At the age of four Colleen decided on her own that she hadn’t a need for the trach anymore. She had done her best to convince my parents by covering the metal piece that protruded from her neck with her tiny fingers and hoarsely breathing through her own mouth, although for some reason was still unable to breath through her nose. My parents were understandably very hesitant to remove it, however agreed for my sister’s mental well being to try. Preparing for the worst they were near the phone and had a second tube nearby to insert if she was unsuccessful. We all stood by holding our breath as the piece was removed, all but Colleen that is. With a smile on her face she began to cough and proved to all surrounding her that she had overcome this obstacle.

From that day the journey has been filled almost completely with triumphs rather then complications. With the trach removed she learned to walk and then to speak. It’s my personal belief that she has since made up for the four years she was unable to verbally express herself and can frequently be heard above all over voices in the house.

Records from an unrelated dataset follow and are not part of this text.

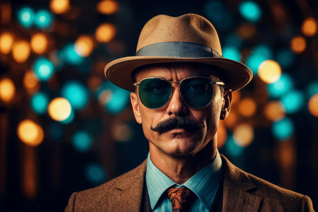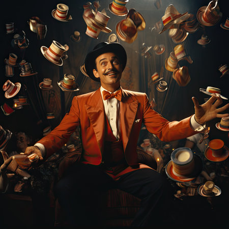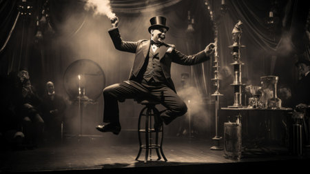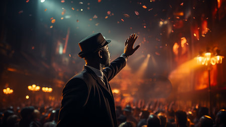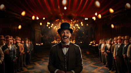 A man wearing a circus costume with a top hat on the background of lights in the circus. generative ai.
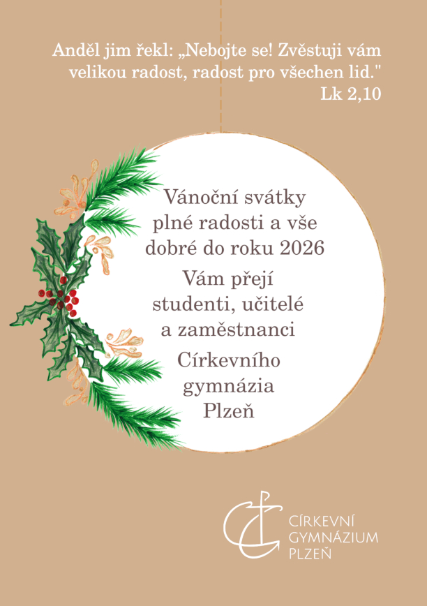 Vánoční svátky plné radosti a vše dobré do roku 2026 Vám přejí studenti, učitelé a zaměstnanci Církevního gymnázia Plzeň.
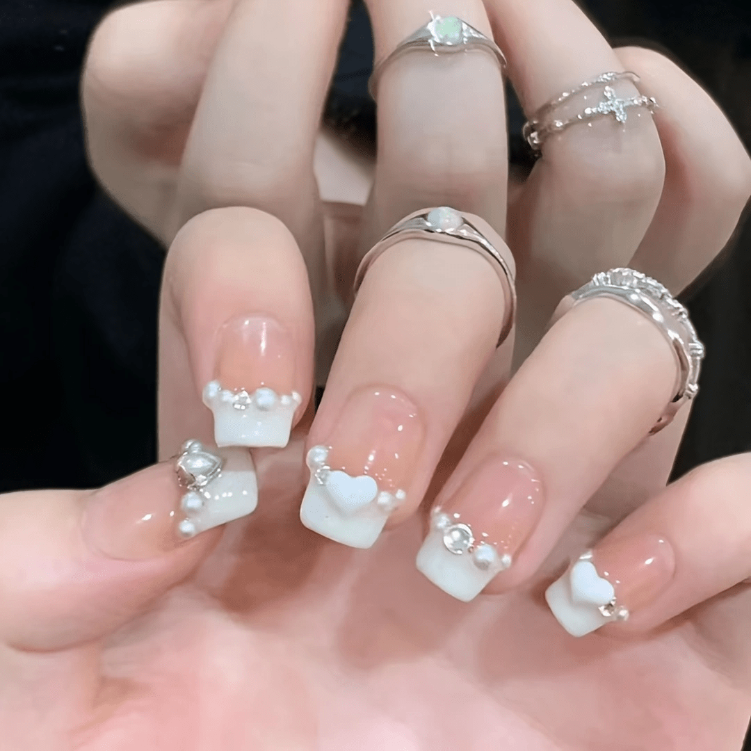 TEMU 24개 짧은 사각형 라인스톤 화이트 하트 광택 프레스온 네일 - 일본 & 한국 스타일 손발용 네일, 일상 및 특별한 날을 위한 쉬운 적용 네일 아트 스티커, 패션 액세서리, 장식 프레슨, 내구성 있는 핸드&풋 , 뷰티 애호가를 위한 매니큐어
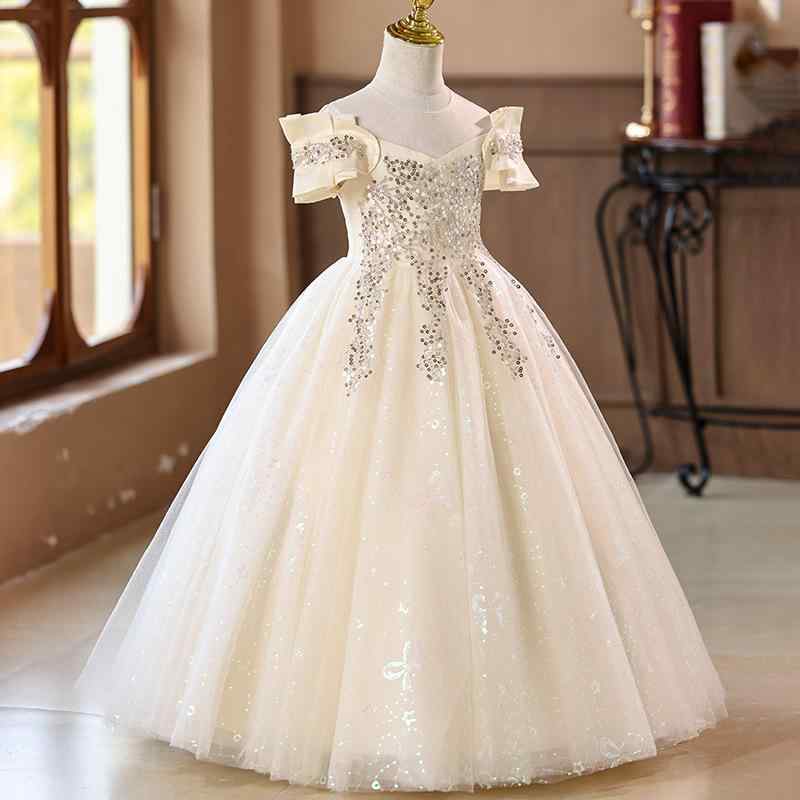 ・カテゴリ: 子供用ドレス・対象年齢: 3〜8歳・性別: 女の子・加工: プリーツ、コーティング、シアリング、酵素洗い・要素: フリル、リボン、プリント、チュール・スタイル: プリンセス・メイン素材: ポリエステル 50%・裏地素材: ポリエステル 50%・ドレスタイプ: ウェディングドレス・カラー: シャンパン・身長: 100cm, 110cm, 120cm, 130cm, 140cm, 150cm, 160cm
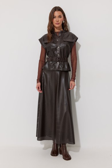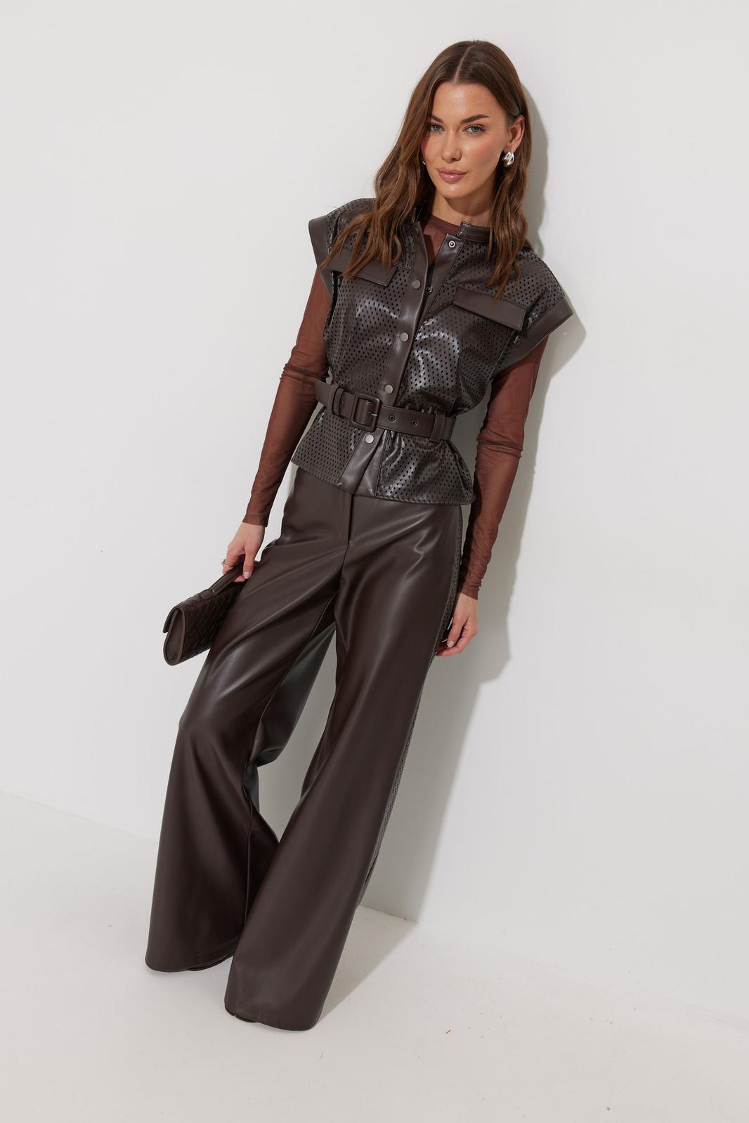 Жилет прямого силуэта из экокожи с перфорацией. Горловина-стойка, по переду застежка на кнопки. Жилет со спущенной линией плеча и отделочными манжетами. По переду кокетка с декоративными клапанами и шлевками для ремня. В комплект входит съемный ремень. Обращаем ваше внимание, что фурнитура может отличаться от фото.
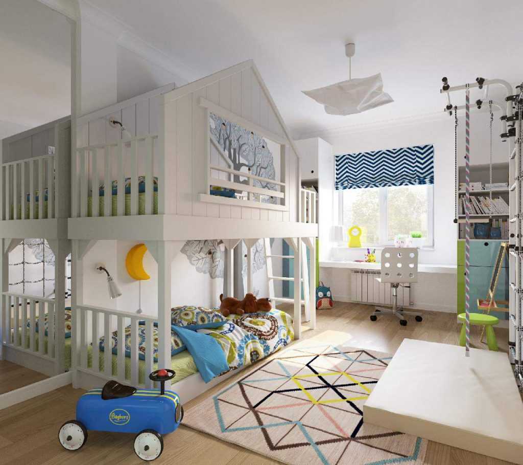 Каждый ребенок мечтает о большой просторной комнате. Ведь это прекрасная возможность организовать не только необходимый функционал – кровать, стол, шкаф, диван, стеллажи и полки, но еще и выделить место для игровой зоны.
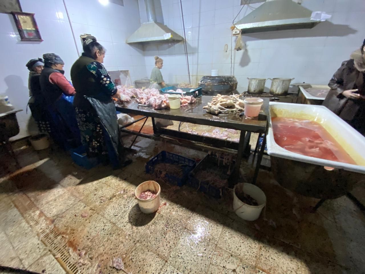 Müəssisə daxilində havalandırma sistemlərinin quraşdırılmaması nəticəsində kondensasiya prosesi zamanı yaranmış suların, o cümlədən yağış sularının tavandan birbaşa qida məhsullarının üzərinə töküldüyü, kəsim prosesində sanitar-gigiyenik tələblərə riayət edilmədiyi, tüklərin təmizlənməsi, pörtlədilməsi, içalatın təmizlənməsinin eyni sahədə həyata keçirildiyi, kəsilmiş toyuqların birbaşa döşəmə üzərinə yığıldığı müəyyən edilib. Eyni zamanda “kənd toyuğu” təəssüratı yaratmaq məqsədilə mənşəyi məlum olmayan rənglərdən istifadə edilərək toyuqların rənglənməsi halları da aşkarlanıb. Sahibkar ev quşlarının bazarlarda satışa çıxarıldığını bildirib.
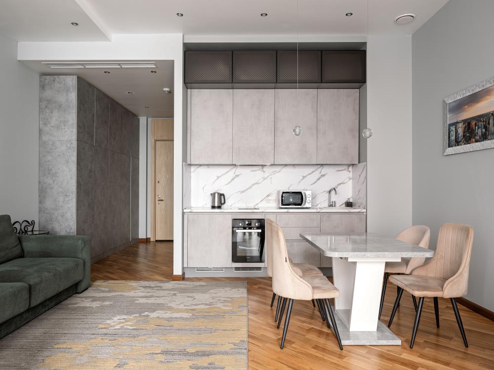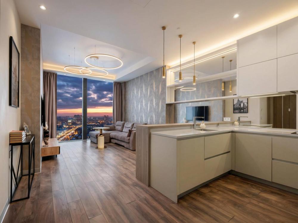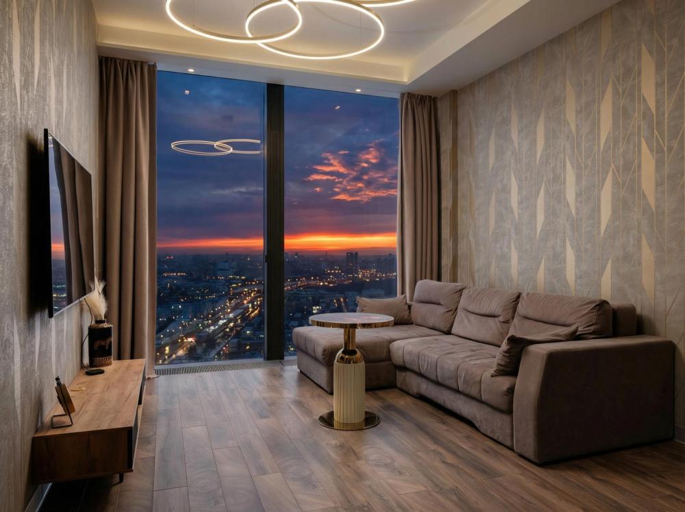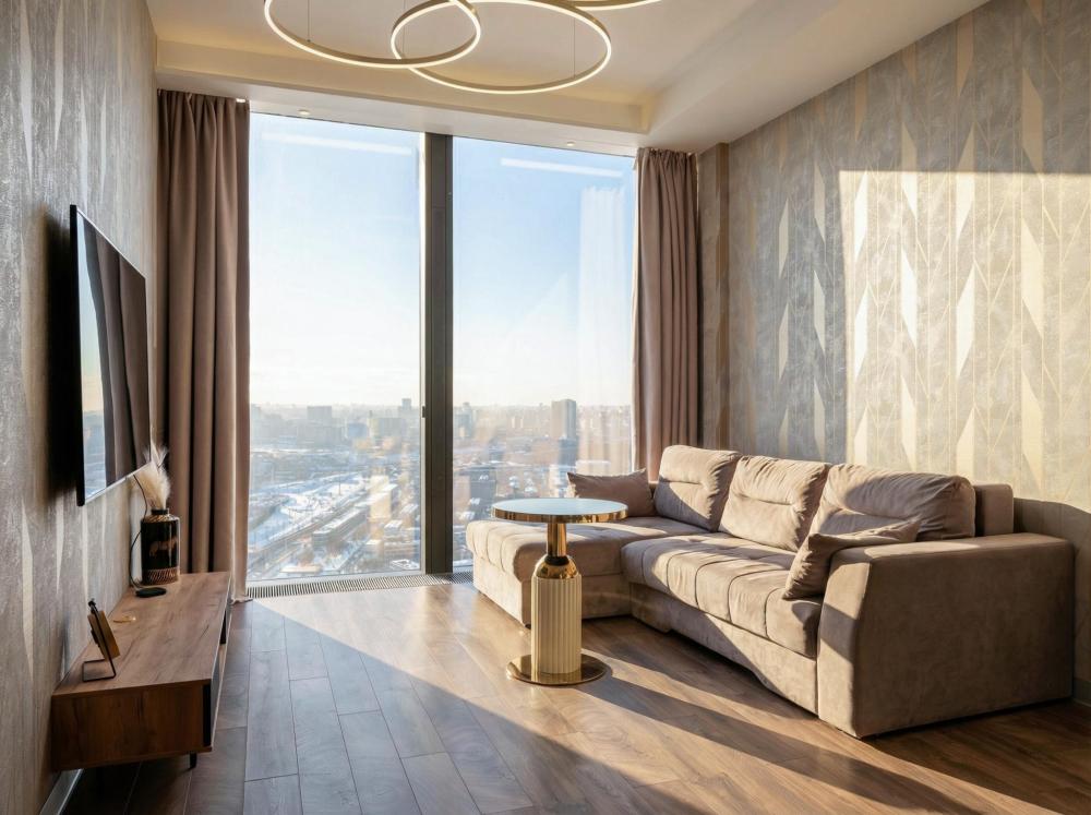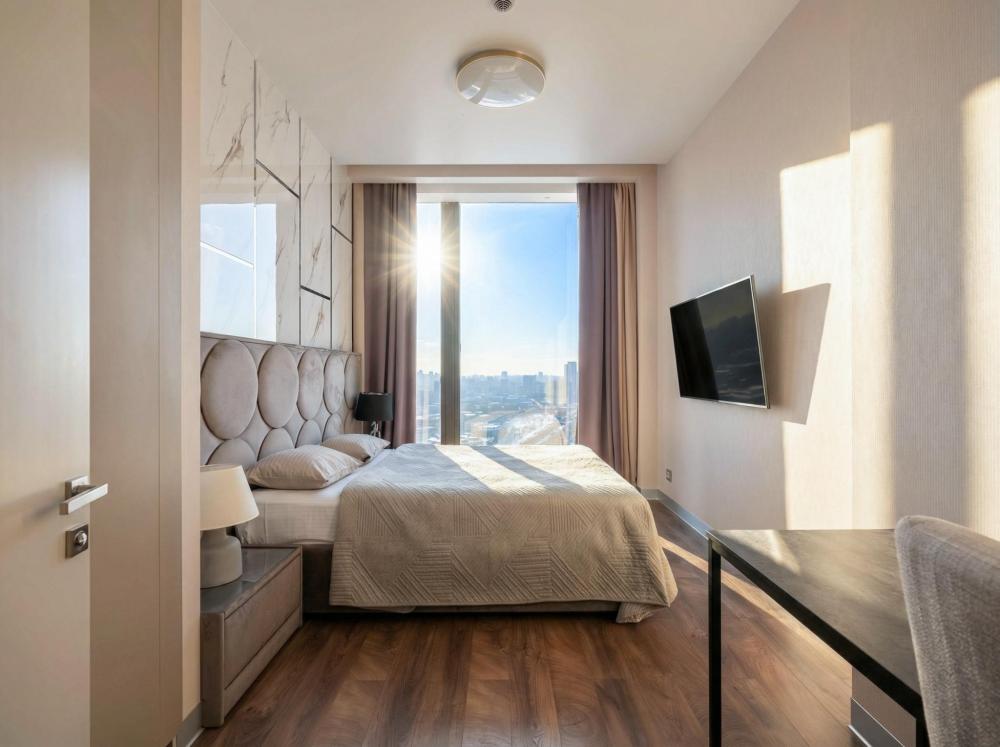 Уютная студия апартамент в башне "Нева" Shedar 51 кв.м. на 28 этаже с дизайнерским ремонтом и видом на городскую панораму. Вид на закатную сторону! Одна из самых новых башен Москвы Сити.
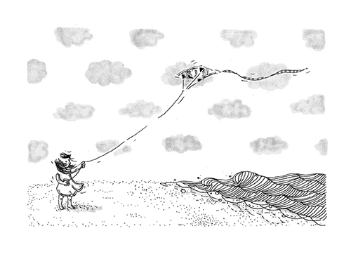 évidence ici / avec ce petit vent frais qui fait voler le cerf-volant, passer les nuages comme un motif parfait, les vagues, la fillette est tout en mouvement aussi.
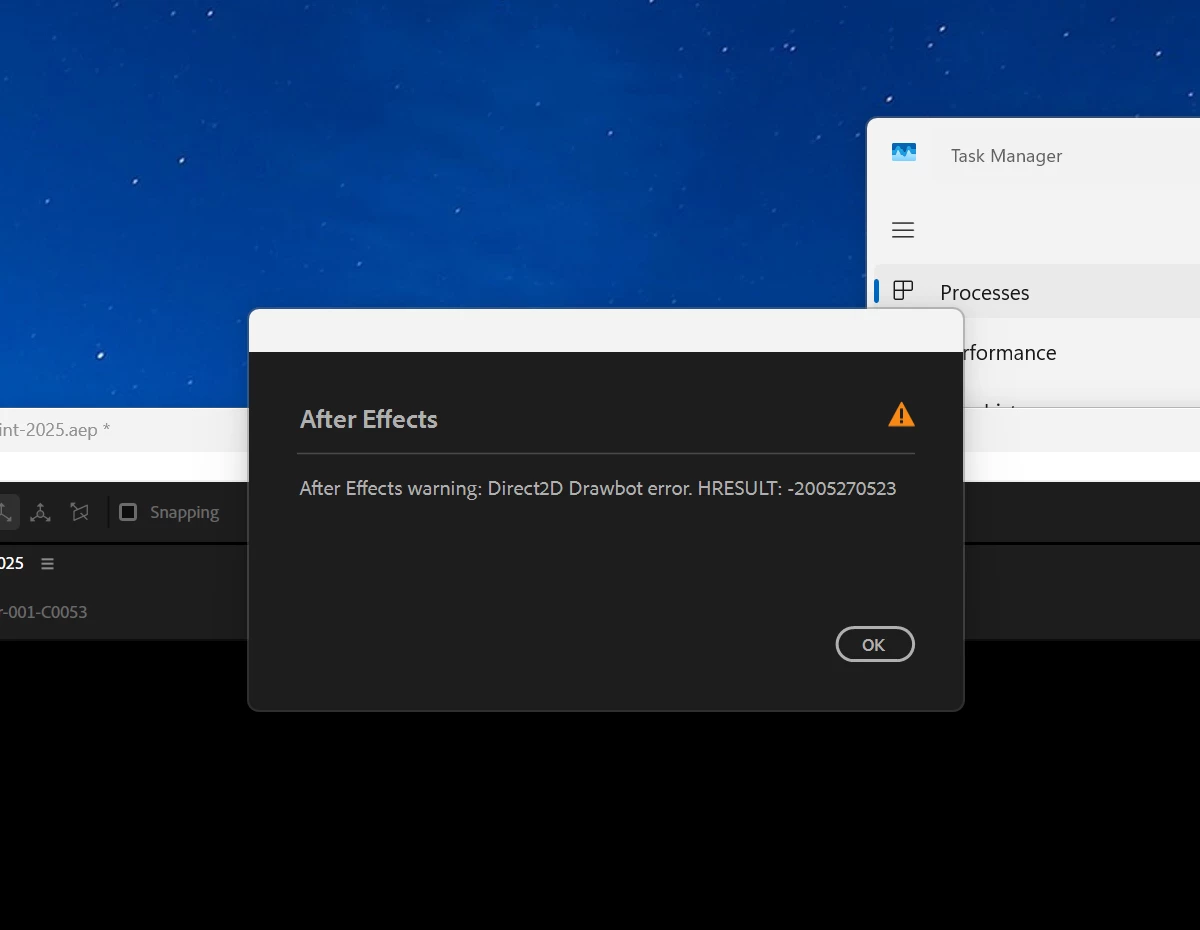 After Effects Freezes after some time with error: "Direct2D Drawbot Error. HRESULT:-2005270523"
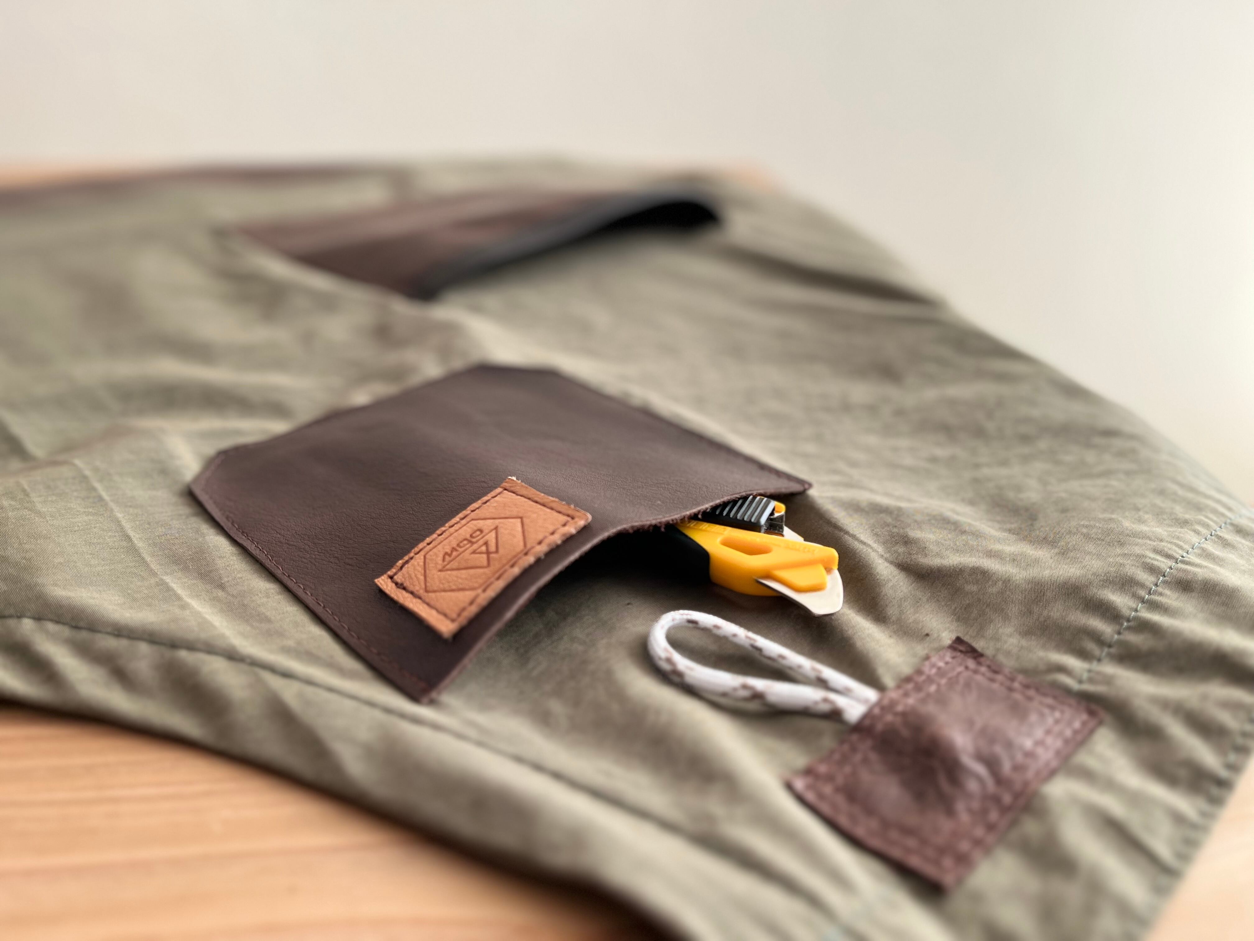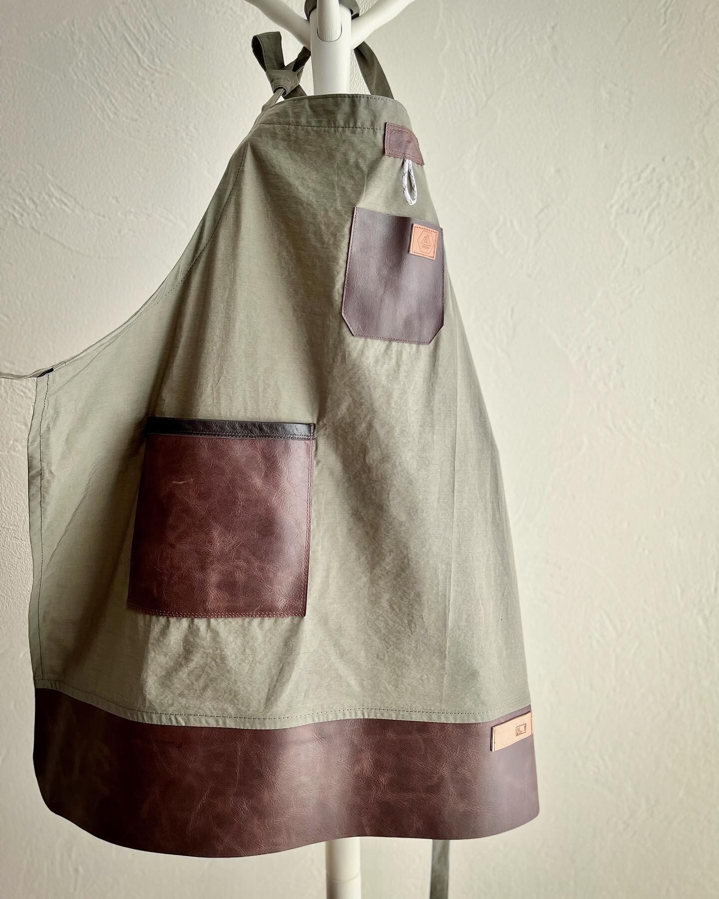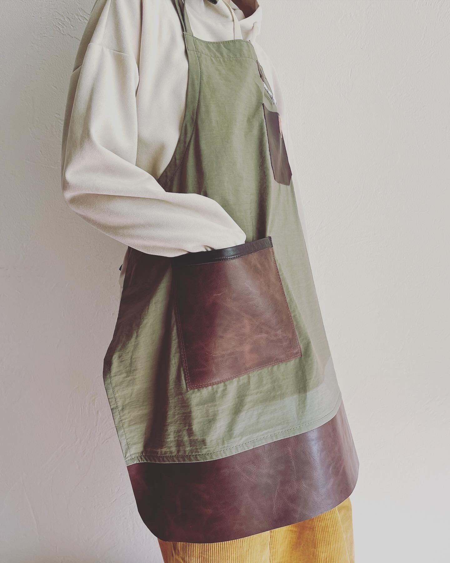 ポケットや裾部分にアンティーク調レザーを使ったアウトドア向けエプロン

She has thankfully never had to have another tracheotomy preformed although the small hole that still remains in her neck is a constant reminder of the struggles of the past. She returned to C.H.O.P. two years ago, at the age of seventeen, to explore the possibility of having it closed. The surgeons fear that because of the high scar tissue build-up, that closing it may cause her airway to be severely reduced and will again have to have a tracheotomy preformed. With that possibility looming overhead she has decided to wait, hoping in the future her airway will expand enough for a higher success rate.

Now, at nineteen, I see little difference between her and any other teenager. She rebels and has mood swings that could be argued to be the best if you asked me. She spends her days working and her nights hanging out with her friends and playing her music entirely too loud without a care, as she should. The obstacles that she has overcome in her life have certainly prepared her for anything tomorrow can threaten her with. You almost have to smile when you look at her now, it’s such a wonderful change from that timid, wide-eyed baby that had a future full of doubt.